■ **DATA BLOCK**:
———

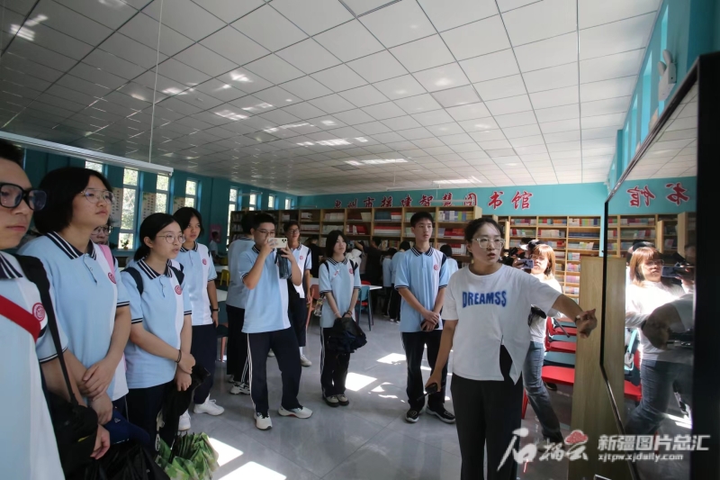 7月18日,福建省长乐华侨中学师生在参观昌吉市第十一小学。
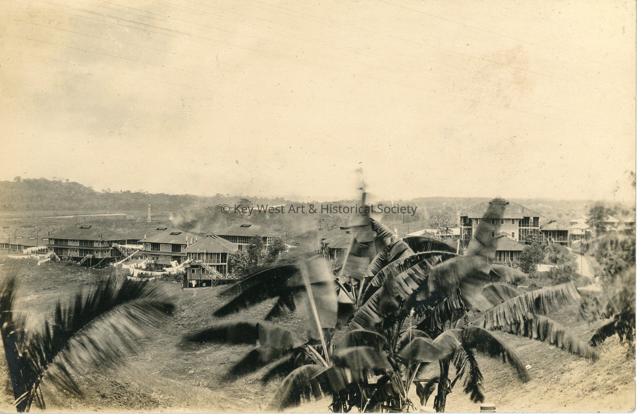 I took this picture from the front steps of our quarters looking toward Colon and the mouth of canal which you can see, also the ocean, the banana trees take up most of the picture the ground is all covered with grass but you can not tell it from the picture you can see we wear clothe by the washing on the lineLanguage
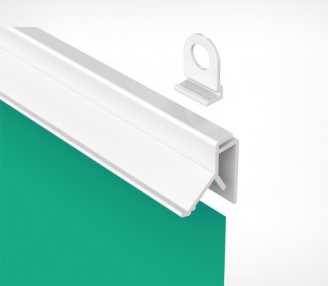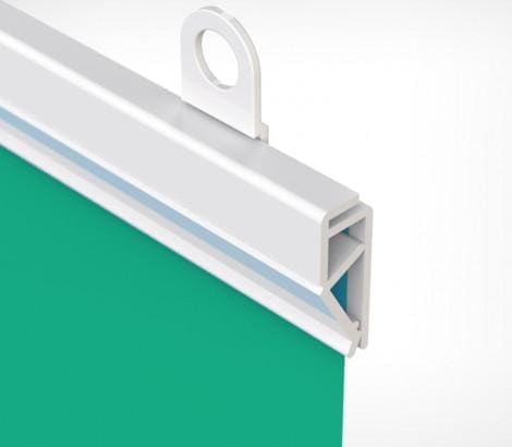 Пластиковый клик-профиль для подвешивания бумажных плакатов, тонких баннеров, плакатов на ткани. Используется с крючками CLICKER (2 крючка на 1 метр профиля). Внешние размеры ( в-т) - 20 x 6 мм., максимальная толщина вставки - 0,7мм.
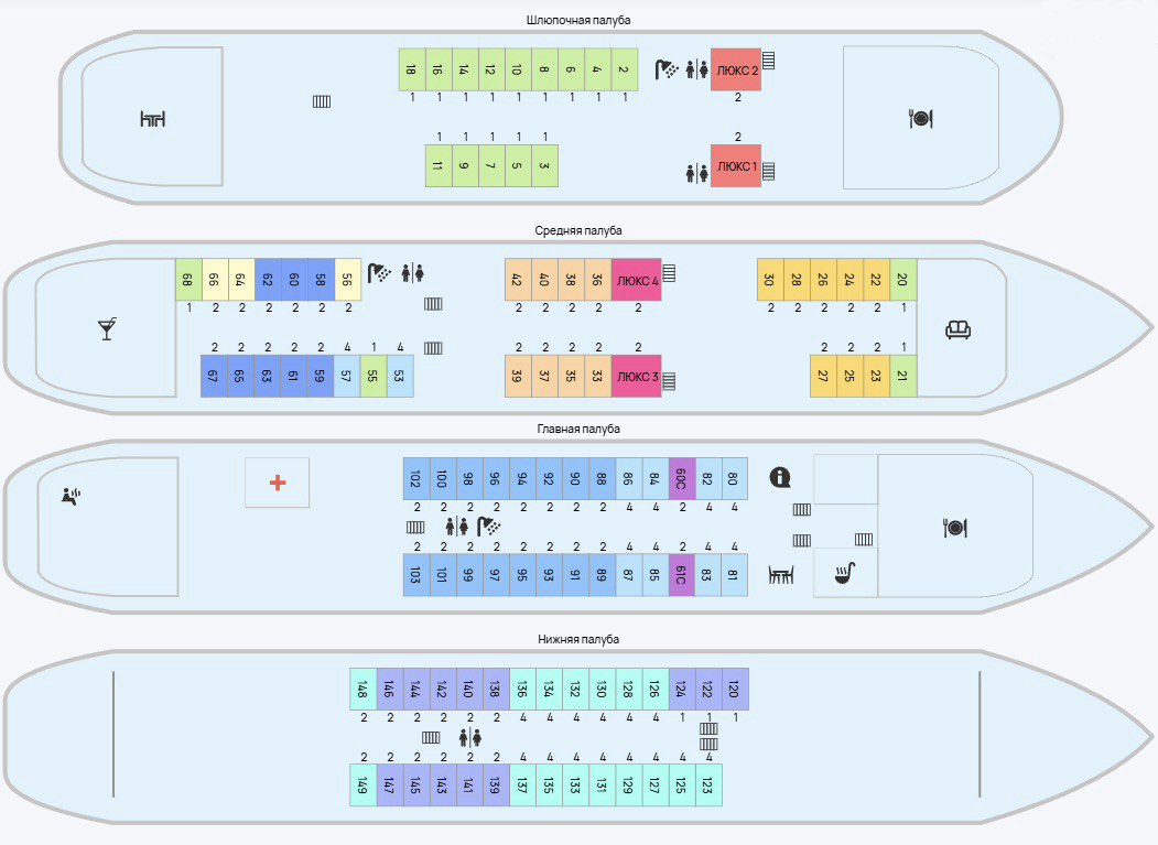 Каюты категории 1 располагаются на шлюпочной и средней палубе, с частичными удобствами. Цена: от 6557 руб./ночь с человека.

———

■ **WORK TASK**: Could you repeat the listing above exactly, omitting its pictures?

■ **SOLVED PROBLEM**:
 7月18日,福建省长乐华侨中学师生在参观昌吉市第十一小学。
 I took this picture from the front steps of our quarters looking toward Colon and the mouth of canal which you can see, also the ocean, the banana trees take up most of the picture the ground is all covered with grass but you can not tell it from the picture you can see we wear clothe by the washing on the lineLanguage
 Пластиковый клик-профиль для подвешивания бумажных плакатов, тонких баннеров, плакатов на ткани. Используется с крючками CLICKER (2 крючка на 1 метр профиля). Внешние размеры ( в-т) - 20 x 6 мм., максимальная толщина вставки - 0,7мм.
 Каюты категории 1 располагаются на шлюпочной и средней палубе, с частичными удобствами. Цена: от 6557 руб./ночь с человека.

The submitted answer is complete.